I arrived early at the small town church, spoke with two pastors, friends of mine. I sat for a time prior to the start of the memorial service. The sanctuary is an all purpose room. Centre aisle had large nasty carpet stains. If there were assigned ushers they came late. I saw one pastor and then the brother of the deceased handing out memorial programs to guests. An organ and piano played together, sometimes, although at times it was a competition for speed and tune. They did not comfort me. When was the last time you heard an organ in a church. They have all but been eliminated in churches. Remember I am a retired minister. I have officiated hundreds of funerals during my career. In these surroundings on this day, my mind was struggling with concepts of church and aspects of age, what I can tolerate and what makes me uneasy.

I am sixty-six you know. Around me the seats filled with people ten, fifteen and twenty years older than me. That was dismal enough. Then some of my peers entered stoop shouldered, shuffling and convincingly post prime. I began thinking that people likely observe me that way and I was rapidly developing an urgent need to get out of there. I could have run for it, but upon returning home, Christine would ask me about the memorial and I couldn’t tell her that I went but I left before the service started.

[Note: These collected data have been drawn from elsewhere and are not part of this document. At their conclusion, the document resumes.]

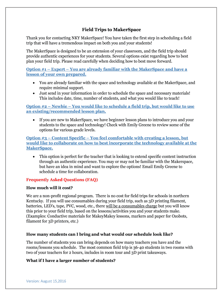 Field Trips to Maker Space Thank you for contacting SKY Maker Space! You have taken the first step in scheduling a field trip that will have a tremendous impact on both you and your students! The
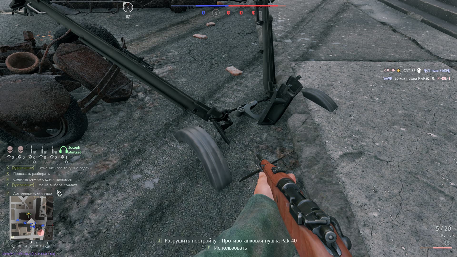 много сбить мне не получилось (всего один Ил-2), поэтому я обратил внимание на вражеские танки, которые стояли на Площади Павших Борцов, и поставил на другом углу крыши ПТ пушку, но УВН у пушки не хватило, и стараясь обратить дуло на площадь, мой инженер грохнулся вниз вместе с пушкой, которая впоследствии застряла в текстурах:
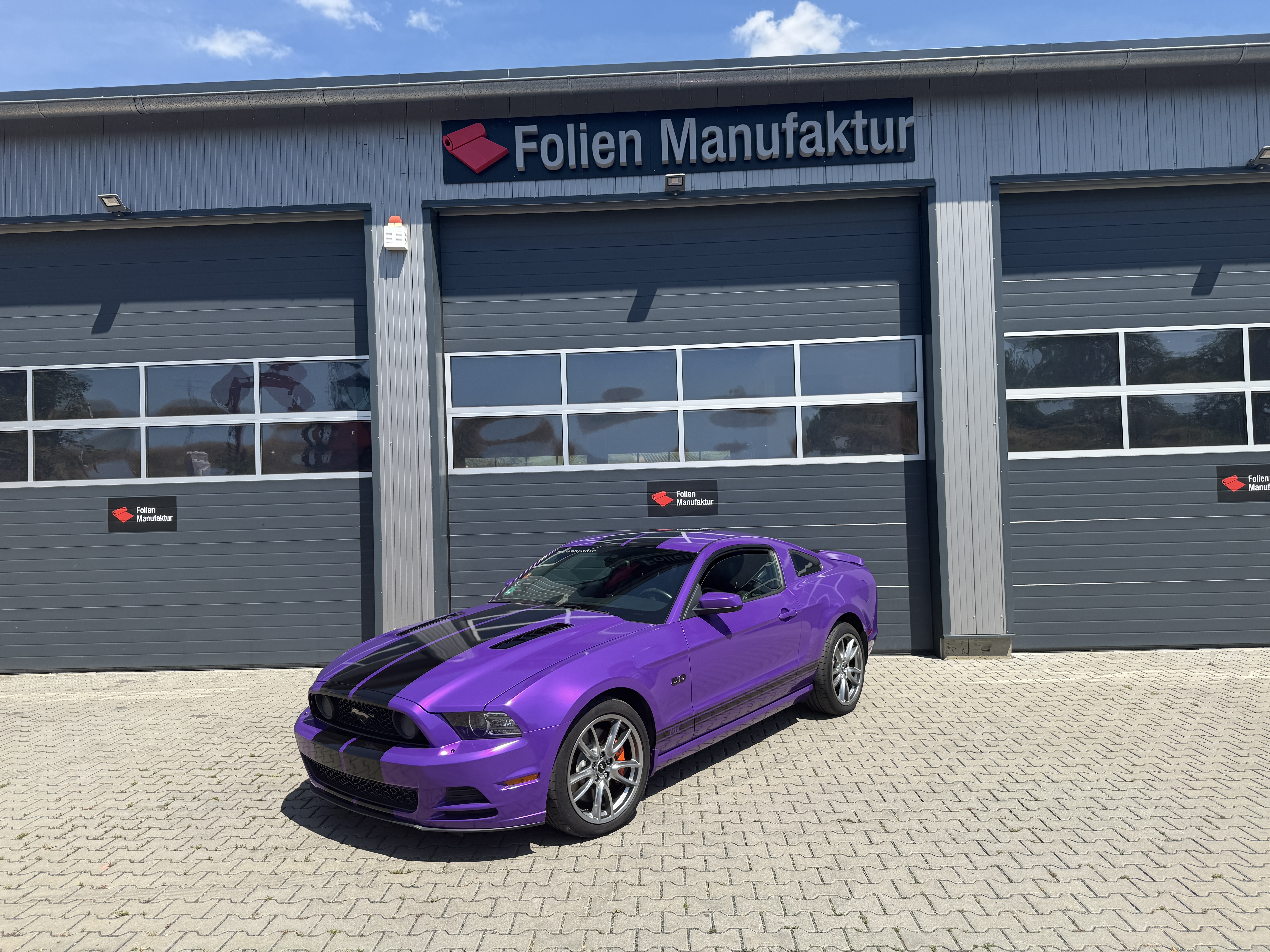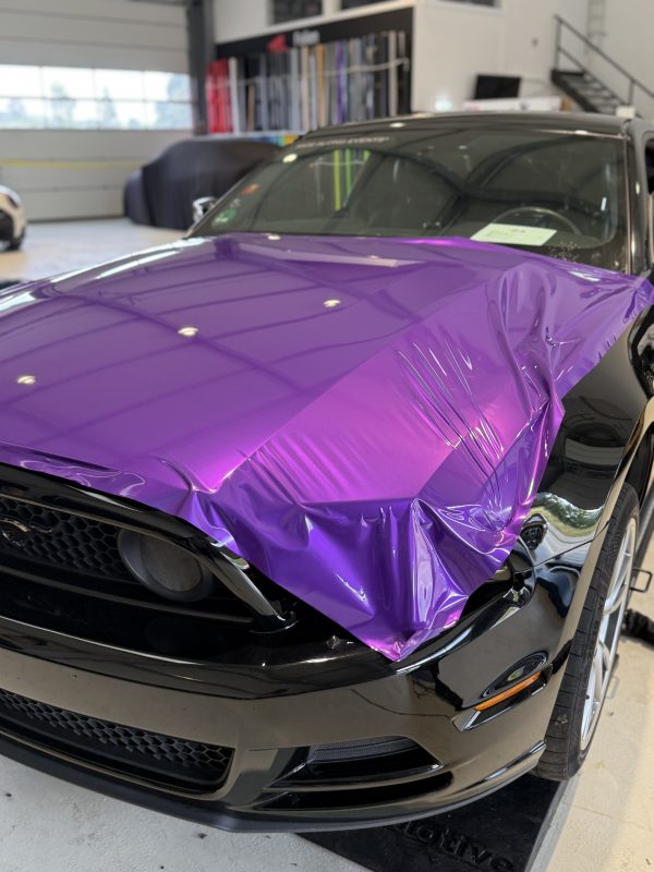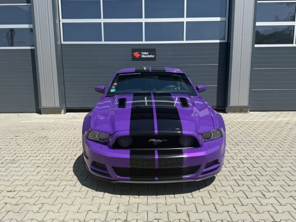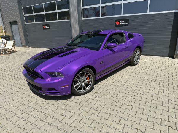 Für diesen Ford Mustang wurde eine hochwertige Vollfolierung im glanz Finish umgesetzt. Die Wahl fiel auf HX 20 Godess Purple Gloss, um die markante Linienführung des Fahrzeugs besonders klar zu betonen. Ergänzt wurde das Farbkonzept durch schwarz glänzende Streifen, die den Auftritt sportlich und präzise abrunden.
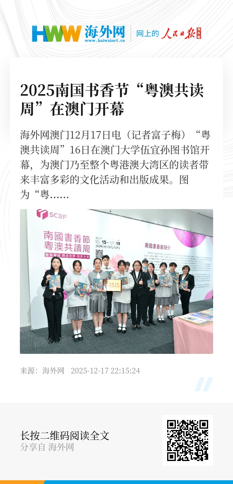 海外网澳门12月17日电(记者富子梅)“粤澳共读周”16日在澳门大学伍宜孙图书馆开幕,为澳门乃至整个粤港澳大湾区的读者带来丰富多彩的文化活动和出版成果。
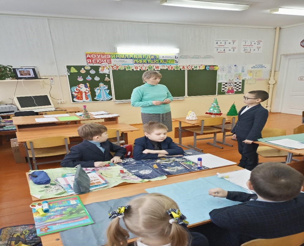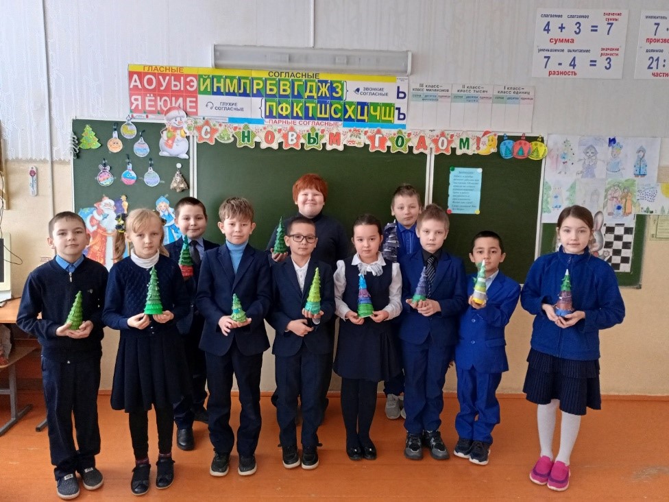 Приближается всеми любимый радостный и весёлый праздник – Новый год. С давних пор у людей существует традиция украшать дом и наряжать ёлку для встречи Нового года. Как приятно и радостно доставать из коробок любимые ёлочные игрушки: разноцветные сверкающие шары и прозрачные сосульки, весёлых зверюшек, звездочётов и клоунов, нежные снежинки, длинные гирлянды и блестящий «дождик»!Р.З. Камалова провела открытый урок по технологии во втором классе Мастерская Деда Мороза «Украсим ёлочку». Ребята с удовольствием работали на уроке, были активны и внимательны. Урок прошел успешно, интересно и плодотворно. -
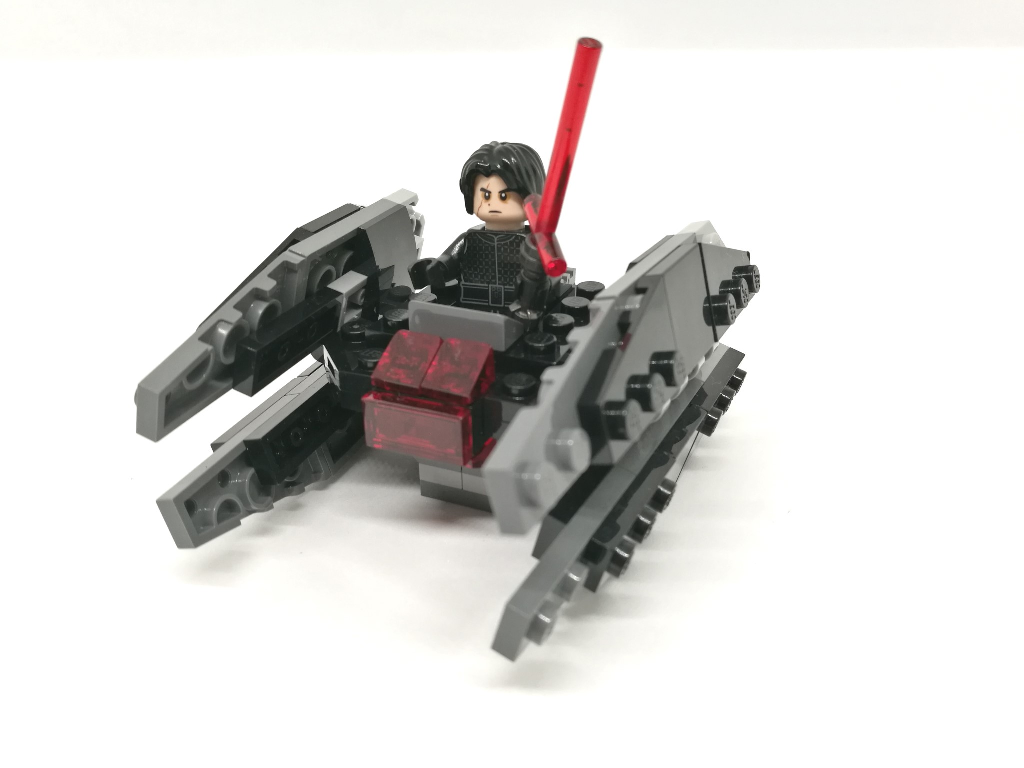 La minifigura di Kylo Ren inclusa è nella versione senza casco, con il volto sfregiato: è dotato inoltre della caratteristica spada laser rossa.
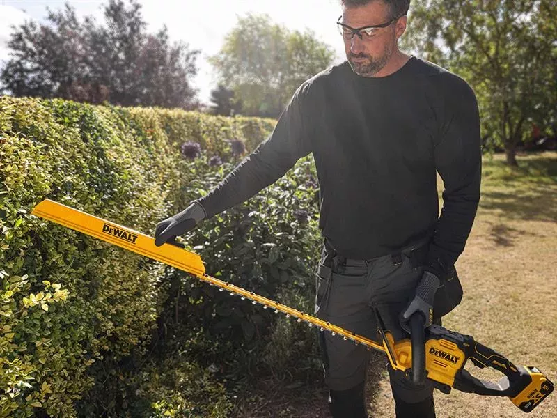 The DEWALT DCMHT567 XR Hedge Trimmer is ideal for larger hedges and shrubs. Its brushless motor provides increased run time and more efficient power transfer. Fitted with dual action, laser cut blades, made from hardened steel for longer life and lasting sharpness. Its compact, lightweight design helps minimise user fatigue, whilst the wraparound auxiliary handle provides a comfortable grip in multiple orientations.
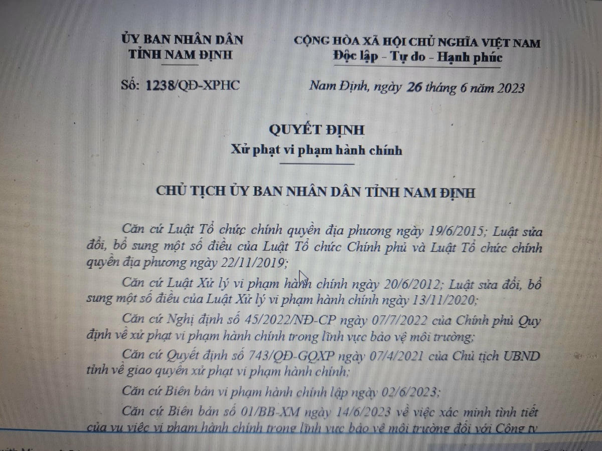 Quyết định cũng được gửi cho Kho bạc nhà nước tỉnh Nam Định để thu tiền phạt; gửi cho Ban Quản lý các khu công nghiệp để tổ chức thực hiện; gửi cho Sở Tài nguyên và Môi trường để biết và phối hợp thực hiện.
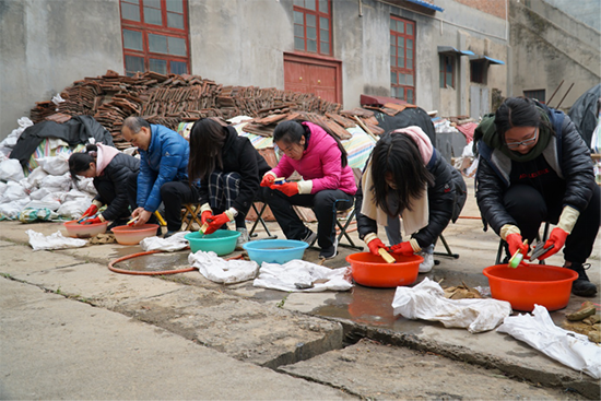随团的郑老师亦参与清洗陶片
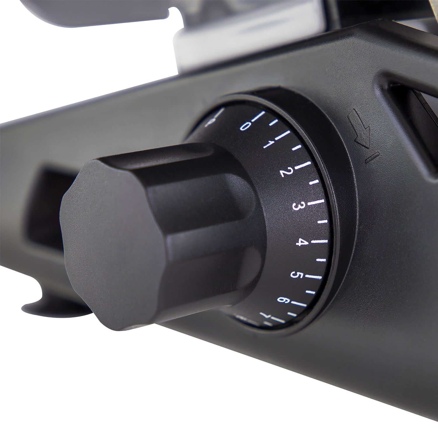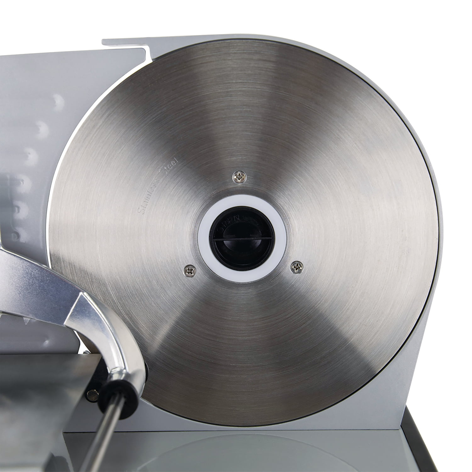 120 watts of power Die-cast aluminum housing with DC-powered motor Stainless steel food carriage with forward tilt Detachable, 8.7-in. non-serrated stainless steel blade Adjustable thickness control dial ranges from deli thin to 9/16 in. Recessed power switch Nonslip feet Quick-release feature for easy cleaning Includes support plate, slicing guard, power switch, thickness control, food carriage rod, base, release rod, locking screw, and blade
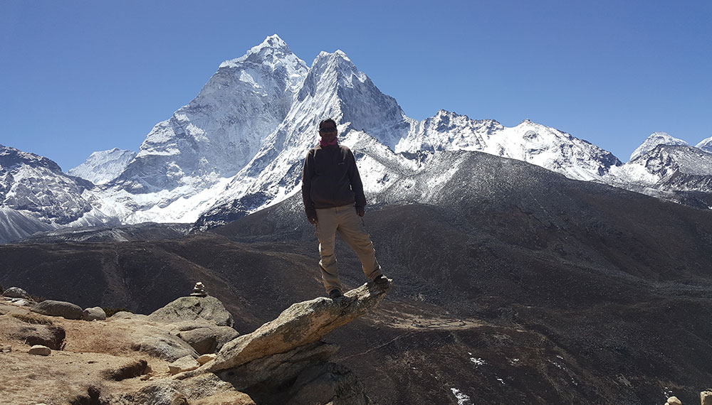 To acclimatise: head north to the Nangkartshang Hill ridge (4 800m) for views of the Nuptse Glacier, Chhukhung Ri (4 230m, which masks Lhotse’s glaciers) and Imja Tse (6 189m). Further east, along the Mahalangur Himal Ridge, is imposing Makalu (8 463m). Towards the south is, Amphu Lapcha’s fluted ridge (5 845m) and the unusual view of Ama Dablam’s north face and glaciers. Return to the Summit Lodge.

A divine thing happened. The memorial program unfolded just as it was printed in the folder. A seven year old granddaughter quoted John 3:16 and later a pastor spoke about Psalm 23 and he alluded to John 3:16 again. The divine happening was that I learned a basic life lesson. Suddenly I realized that the good news doesn’t change. God so loved the world that He gave His Son that whoever believes in Him will not perish but will have everlasting life. The life lesson was that regardless of the predictable changes to creatures and creation and me, God’s good news is ageless. Now that is comforting.

Wednesday, October 1, 2008

My Teeth Are Out

A NEW LEARNING
Jayden, my three year old grandson, greets me each morning when he wakes. He comes into my studio where I am customarily engaged at the computer, and he leans his cuddly body against my arm until I pick him up. Then we just hang for a while.

Yesterday morning he saw my lower partial plate sitting beside my notebook and he asked, “Grandpa, what is that?” I said, “Those are my teeth.” His head did a classic double take, as his uninitiated mind processed this response. With eyes wide in disbelief he asked, “What are they for Grandpa?” I picked up the partial and slipped it into my mouth, which was a mystery and an education to Jayden. “Can I see?” He asked. I opened my mouth and he smiled with satisfaction to see that I had a full set of teeth.

Today he met me in the morning again. “Grandpa, are your teeth in the box?” “No,” I responded. “Are they in your mouth?” I said, “Yes.” He said “Can I see your teeth.”

This is what my life has become. A partial.
I have a partial forefinger, which I snipped off in a bizarre accident last summer as I sat in a lawn chair with my other three year old Grandson Kale, and the chair collapsed. Only a partial or fractional number of brain cells remain following a 2005 Grand Mal seizure which remains an enigma. The missing cells seem to be in the short term memory department. I used to be proud to give a strong handshake but I can squeeze only partially now before the osteo arthritis kicks in. I skip stones with my grandsons at the beach but I can only throw partially as far as I once did. I sleep only a part of the night – old man syndrome you know. Good thing I enjoy early morning hours. It gets far too personal and private to mention more of my partial limitations.

But I am nevertheless a thankful man because I have the use of what remains of my forefinger, so that I can still paint my pictures and I have the complete devotion of these little grandguys and gals and I am favoured with the full commitment of a loving wife who is nothing but partial to me.

I better go brush my teeth. Jayden will come into my room any moment now.